Without a utopia and without a global horizon, no political action is possible, especially for the Left. But this should go without saying—ever since 1789 and during the following century, that was how left-wing movements were always born: as a utopian foreshadowing of a new world, a political prophecy based on the real existing society, on the potential it contains but cannot develop, on the promises it makes but cannot fulfill.

This used to be called “dialectic.” Today, what is the utopian horizon of the Left? Is it still socialism? And what does socialism even mean nowadays?

There is a very strong historical analogy to be made between the current phase of history and that of the first industrial revolution, between the end of the 18th and the middle of the 19th century, the era in which the Left was born.

The industrial revolution destroyed the society of the old regime and the political form of absolute monarchy. It was an “anti-political” historical phase, in which the targets of the movements and revolutions were the political classes, public authorities, and the form of the state itself.

Today, similarly, the “digital revolution” is destroying parliamentary and representative democracy, a political form no longer adequate to the present social relations and conditions of material life.

The forms of the state and of political organization that we know will not last for long.
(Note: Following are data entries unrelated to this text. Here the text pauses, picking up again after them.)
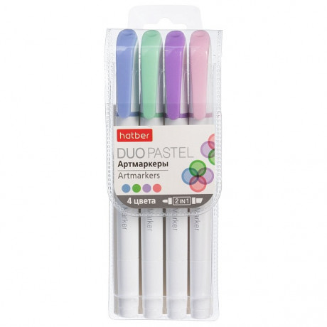 Набор Артмаркеров Hatber Duo PASTEL Мягкий наконечник 4 шт в прозрачном ПВХ-боксе HL_088145/1/432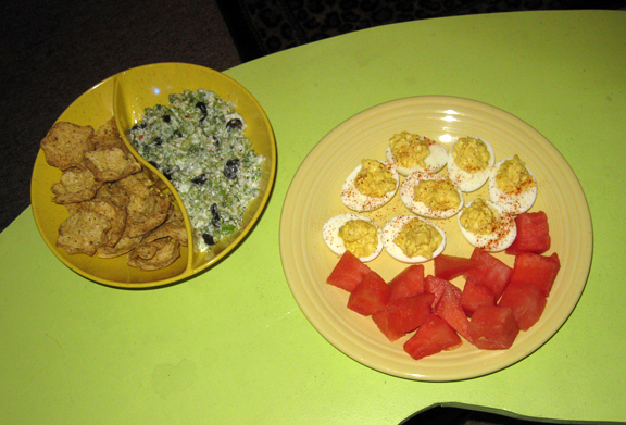 Friday was a busy day for me and, even though the market is about 90 seconds from our house, it seems as if any trip there lasts at least 45 minutes. No thanks. Fortunately we had plenty of raw materials for appetizers in the kitsch-en, including broccoli, plain yogurt, garlic, black olives and a full spice rack. It came out great and we scarfed it down!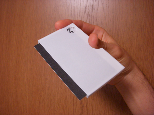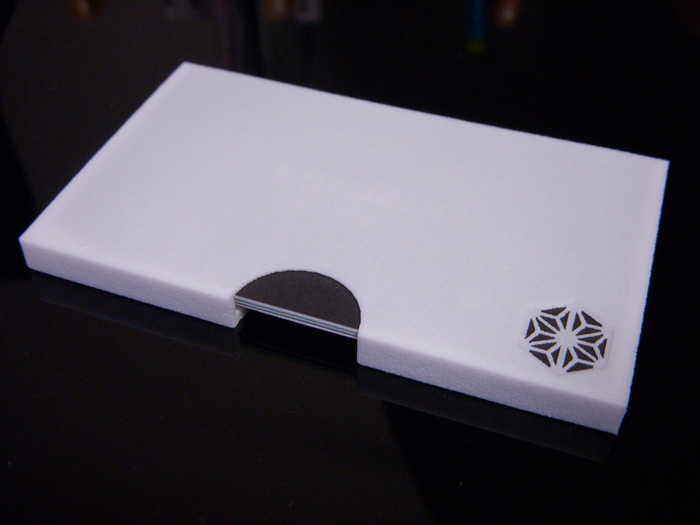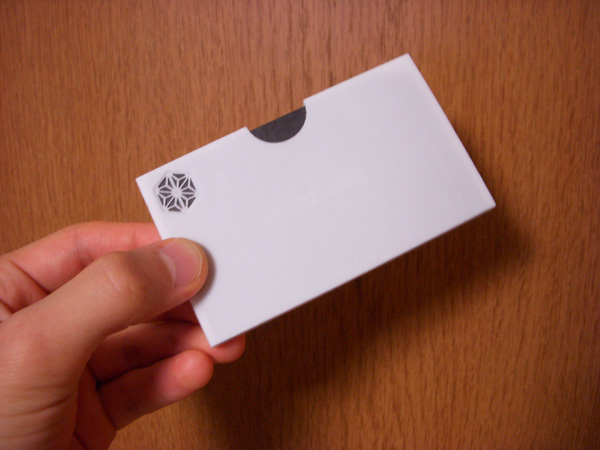 3Dプリンターで造形した名刺入れです。ナイロン(ポリアミド)で出力しています。内部に板ばねを造形し、その板ばねで収納した名刺を押さえつけています。蓋やボタンを必要とせず、名刺の出し入れが簡単です。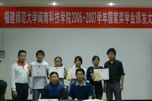 4月15日晚,在第一会议室,我院隆重举行2006-2007国家奖学金颁奖仪式。出席仪式的主要领导有院党委常务副书记刘静副教授、党委副书记陈振祯副教授,参加仪式的还有五名获奖者及部分学生代表。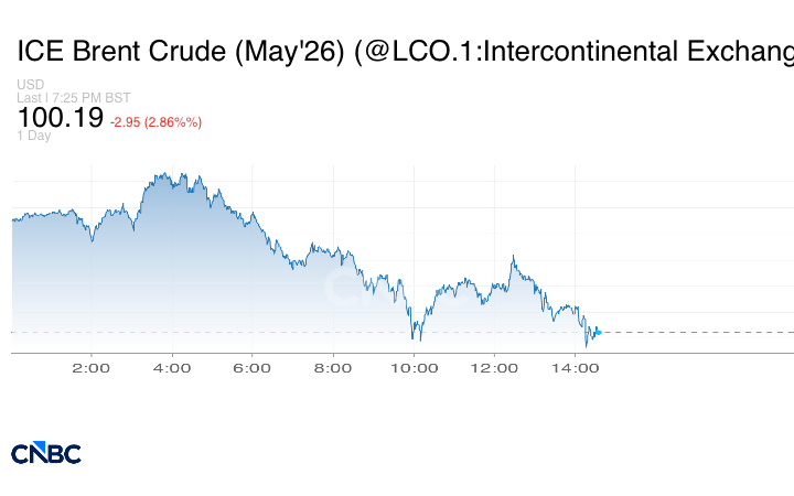 تراجعت العقود الآجلة لخام برنت القياسي العالمي، تسليم مايو، بنسبة 2.86% لتصل عند التسوية إلى 100.19 دولاراً للبرميل، متراجعةً عن مكاسبها السابقة.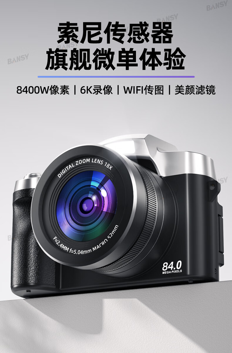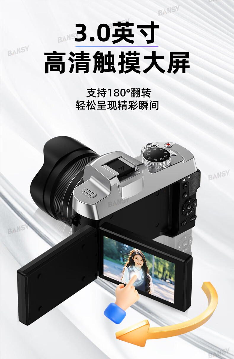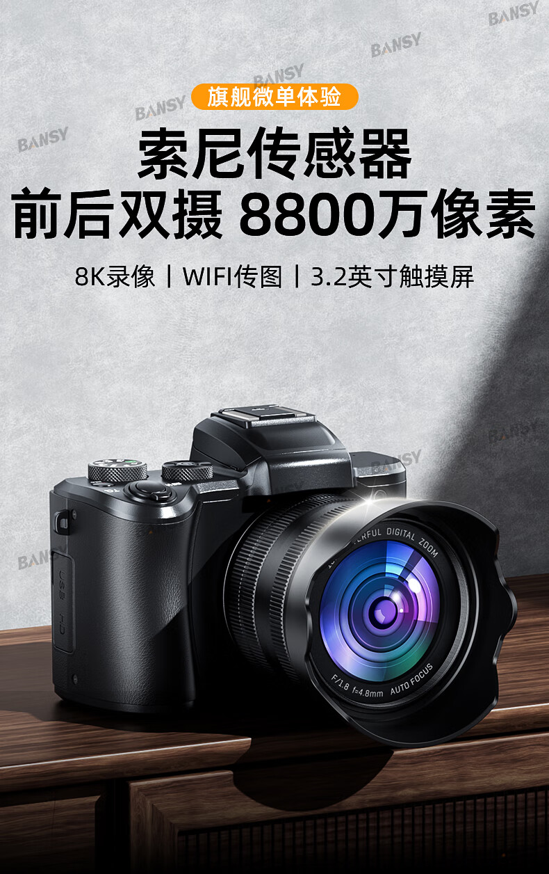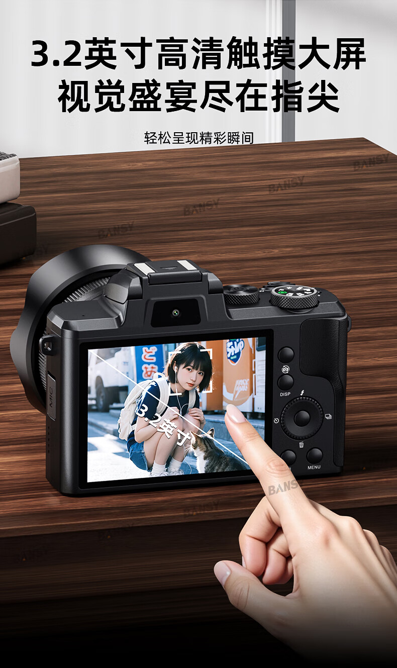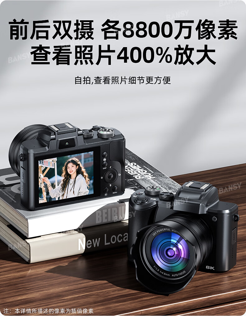 Bansy high-definition digital camera for photography and travel, entry-level 8K mirrorless camera for students, CCD replacement for high pixels, transferable to mobile phone, high school vlog shooting, SLR portable, 3.2-inch dual camera + 128G card + 8800W + 8K video recording, Sony sensor | Beauty filter | WiFi image transmission | Fill light

The 5 Star Movement has its own alternative model: a political form modeled on the manner of operation, and the interests, of large digital corporations.

Whoever wants to build an emancipation force that would meet the needs of our times will have to rise up to the level of fulfilling those needs: they will have to reinvent the utopia, come up with their own alternative model, find one great symbolic element to define them, and talk about the world that could be, not the one that once was.